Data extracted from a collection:
+-------+
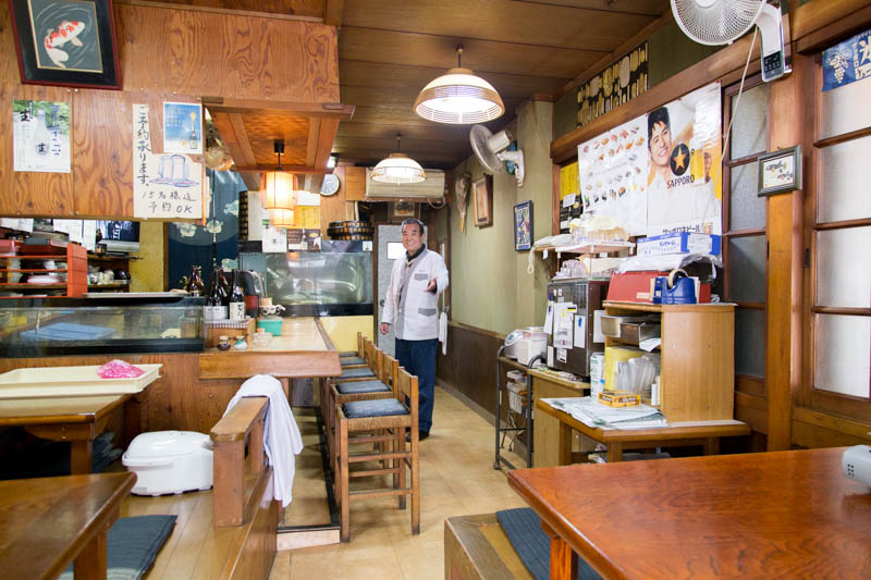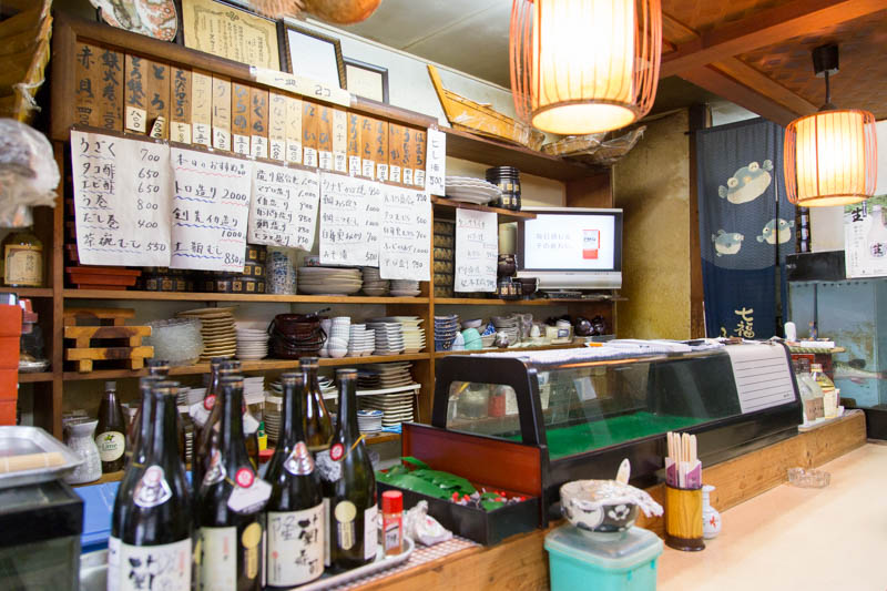 カウンターの奥にはお寿司のネタやお料理のメニューが貼られています。
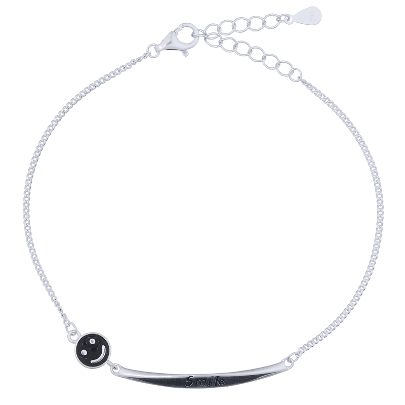 This radiant 925 sterling silver Smile Emoji bracelet features a classic curb chain with a charming silver circle disc adorned by a playful smile emoji and the word “smile” engraved on a matching silver plate charm. Perfect for retailers seeking uplifting, trendy jewelry that delights customers.
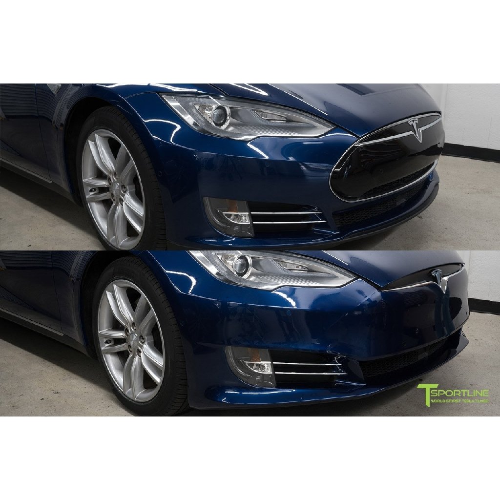 Die Frontstoßstange Facelift Refresh des Modells 2012-2016 ersetzt die Frontpartie Ihres Fahrzeugs durch ein überarbeitetes Design der Frontstoßstange, das dem aktuellen Mai 2016+ Model S ähnelt. Mit anderen Worten, wenn Sie ein Model S haben Hergestellt mit einem älter aussehenden Stoßfänger, lässt unser Stoßfänger das vordere Ende Ihres Modells S ähnlich aussehen wie das neue Model S, das ab Mai 2016 produziert wird. Unser Model S Frontstoßstange Facelift Refreshkit werden mit all Ihrer aktuellen Model S Stoßstange Hardware kompatibel sein. Das bedeutet, dass Sie das Original-Tesla-Emblem, Parksensoren, Nebelscheinwerfer und angrenzende Chromblenden, unteren Mittelgrill und Autopilotsensor übertragen. Unser Tesla Model S Frontstoßstange Facelift Refresh entspricht Fabrikqualität und -standards. Es ist so stark und zuverlässig wie die Erstausrüstung. Jeder vordere Stoßfängerersatz wird aus OEM-Polyurethan hergestellt und erfordert eine professionelle Vorbereitung, Lackierung und Installation durch einen qualifizierten Karosseriebau. Zu jedem Frontstoßfänger Facelift Refresh werden wir einen neuen Chromakzent-Zierstreifen hinzufügen. Hergestellt in einer CAPA-zertifizierten Anlage. Haftungsausschluss: Von der Einführung des Model S im Jahr 2012 bis zur Aktualisierung der Facelift-Version Mitte 2016 wies das Model S große Unterschiede in den Befestigungspunkten auf. Mit anderen Worten, kein Model S wurde in Bezug auf Befestigungsplatten gleich zusammengebaut. Nach einem Interview mit Tesla-Servicetechnikern, autorisierten Tesla-Karosseriewerkstätten und der Übernahme von mehr als 100 Modellen des Modells S können wir mit Sicherheit sagen, dass sich unsere vordere Stoßstange innerhalb der Tesla-Spalttoleranz von ca. 10 mm befindet.
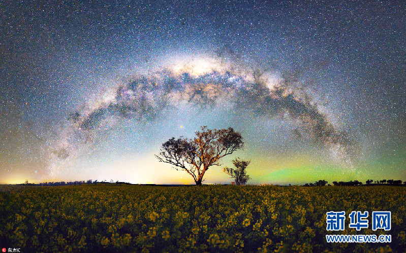 这些震撼的美景足够令所有的人沉醉。画面中星光熠熠的银河盘旋在澳洲各处的夜空中。这些深蓝紫色的星光与亮白的灯塔、与开着黄色花朵的田野与礁岩前的绿色植被形成强烈对比,美丽至极。来自新南威尔士州的29岁摄影师、社交媒体营销员大卫(David Magro)拍摄下了这些震撼的画面。(图片来源:东方IC)
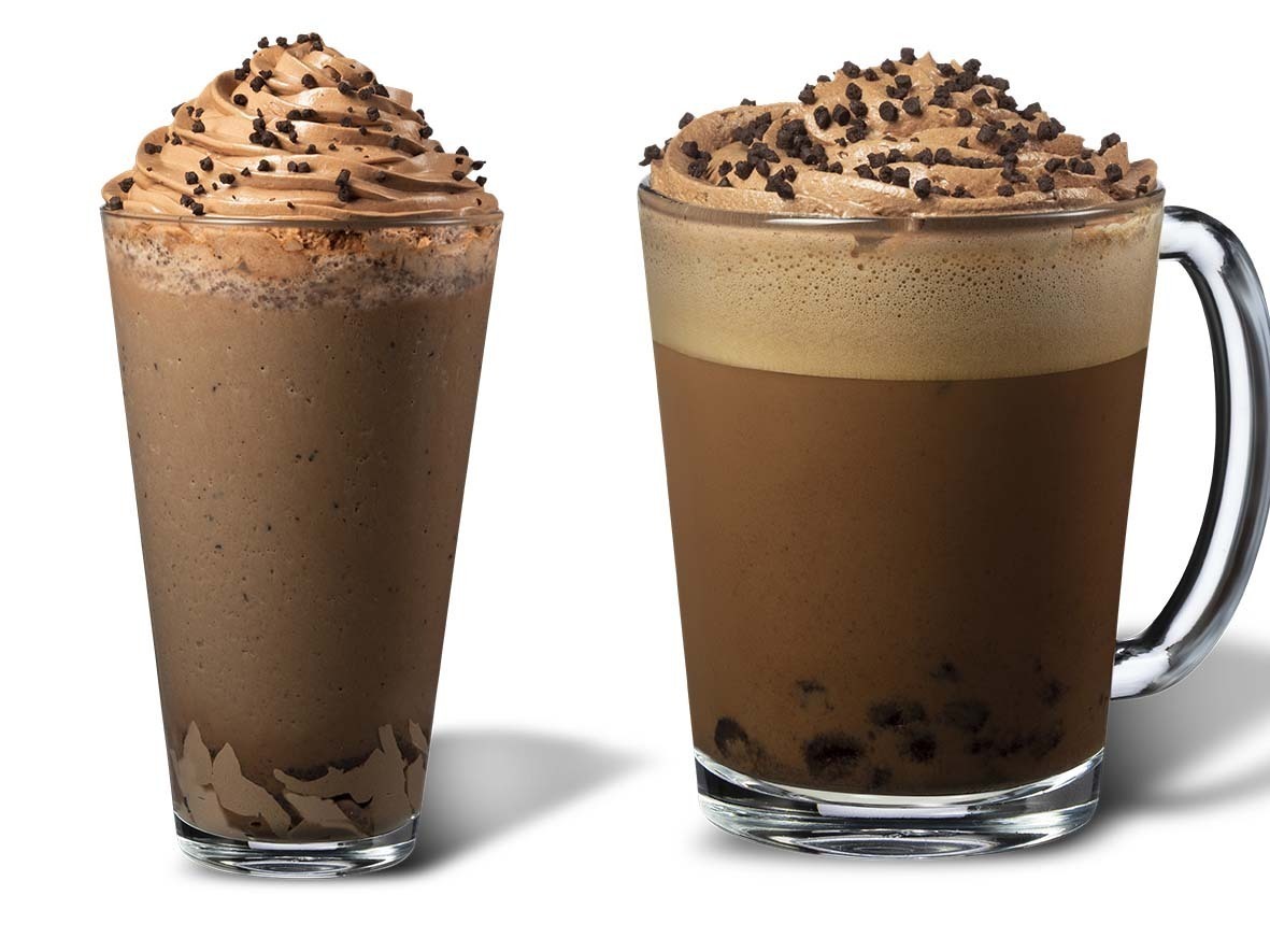 – Brownie Frappuccino®: feito com chocolate meio amargo, baunilha e pedaços de brownie, finalizado com chantilly sabor brownie e crocante de cookie. Disponível com café ou sem.
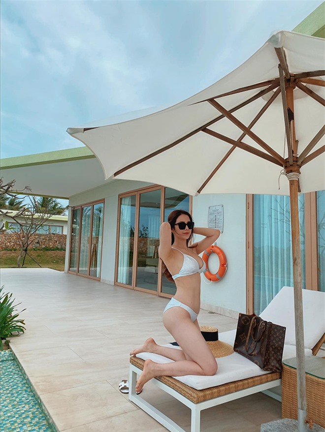 Diệp Lâm Anh khoe dáng nuột nà trên bãi biển. Cô rất tự tin khoe vóc dáng hút mắt sau gần 1 năm sinh con thứ 2.
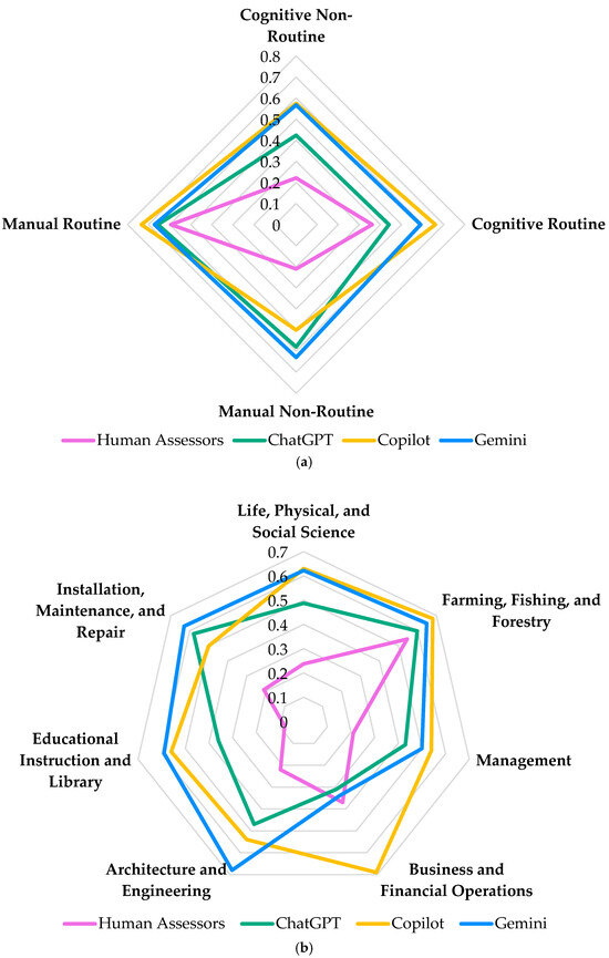 Spider charts illustrating the susceptibility rate to robotization based on (a) the nature of tasks within an occupation and (b) the classification of the reviewed occupations into major groups, both according to [30], as evaluated by large language models, namely ChatGPT, Copilot, and Gemini, and human assessors.
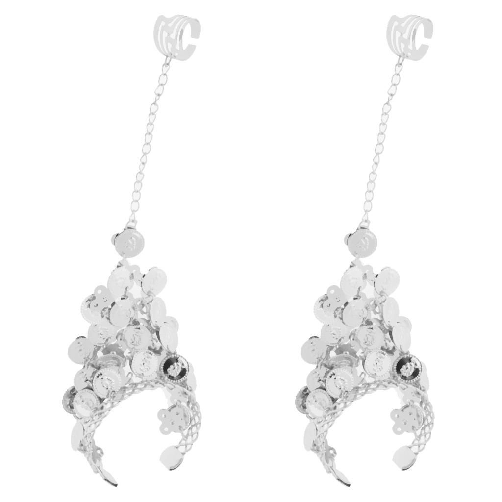 The necklace and headwear are designed into triangle shape, constructed of round coins pieces, exuding a strong exotic atmosphere.
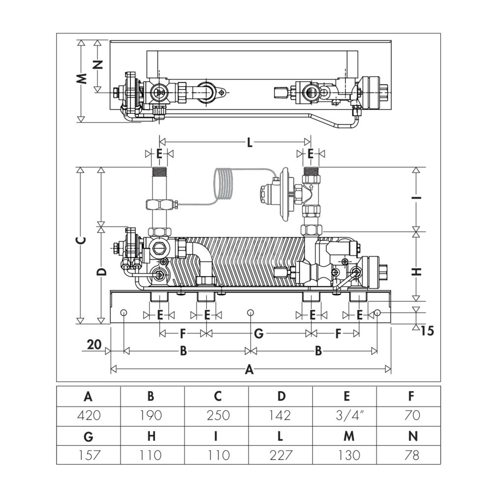 Mechaniczna stacja naścienna. Maksymalne ciśnienie pracy: 10 bar. Maksymalna temperatura pracy: 85 °C. Nominalna moc wymiennika ciepła: 40 kW. Głębokość: 130 mm. Wysokość: 250 mm. Szerokość: 420 mm. Maksymalny wydatek c.w.u.: 18 l/min. △p max.: 2 bar (obieg pierwotny).
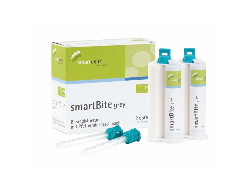 SmartBite grey materiál pro registraci skusu s mátovou příchutí. Doba tuhnut 1 - 1,3 min. Tvrdost D43. Balení kartuše 2 x 50 ml + 12 mísících kanyl.
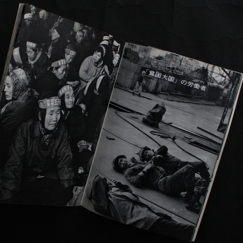 日本の写真家、指田実の写真集『団結かたく旗たかく』。1928年生まれ。機関紙連合通信社を経て、国際通信社に入社。日本機関紙通信社で写真部員、写真部長として報道カメラマンとして活躍し、1963年日本リアリズム写真集団の結成に参加。雑誌『経済』、『労働農民運動』などで作品を発表し、1972年に腎不全で亡くなっています。本書は、“遺作作品集”とあるように、指田の死後に、機関紙連合通信社と日本リアリズム写真集団の関係者によって作られたものです。60年代の高度成長のなかで急激に変化していく社会とともに生活がほころびを見せていく労働者、農民、市民などの実情や闘争を撮影し、発表してきた指田の作品をシリーズごとに掲載。指田の仕事の底にあるのは、「人間性を無視した過酷な労働を強制し、公害をまきちらし、市民生活を破壊しながら、ただ生産をあげることだけを追求してきた大資本と政府にたいする指田さんの強い怒り」(あとがきより)だったそうですが、社会的なテーマを扱いながらも、写真の雰囲気は穏やかさがあり、指田の人間性ともいえるかもしれません。
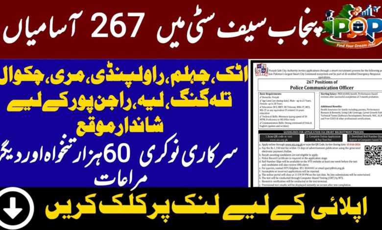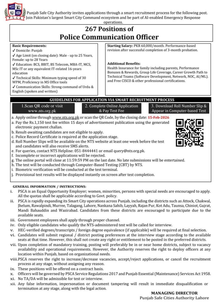 Punjab Safe City Authority PSCA has announced 267 positions for Police Communication Officer under its Smart City Command and AI-enabled Emergency Response operations. This is a major opportunity for candidates in Punjab looking for government IT and communication sector jobs. Recruitment will be conducted through National Testing Service NTS via computer-based testing.
+-------+
GOAL OF THE EXERCISE:
What you should return is the exact text of every line from the top of the entries through the line with "This radiant 925", pictures removed.

SOLUTION BELOW:
 カウンターの奥にはお寿司のネタやお料理のメニューが貼られています。
 This radiant 925 sterling silver Smile Emoji bracelet features a classic curb chain with a charming silver circle disc adorned by a playful smile emoji and the word “smile” engraved on a matching silver plate charm. Perfect for retailers seeking uplifting, trendy jewelry that delights customers.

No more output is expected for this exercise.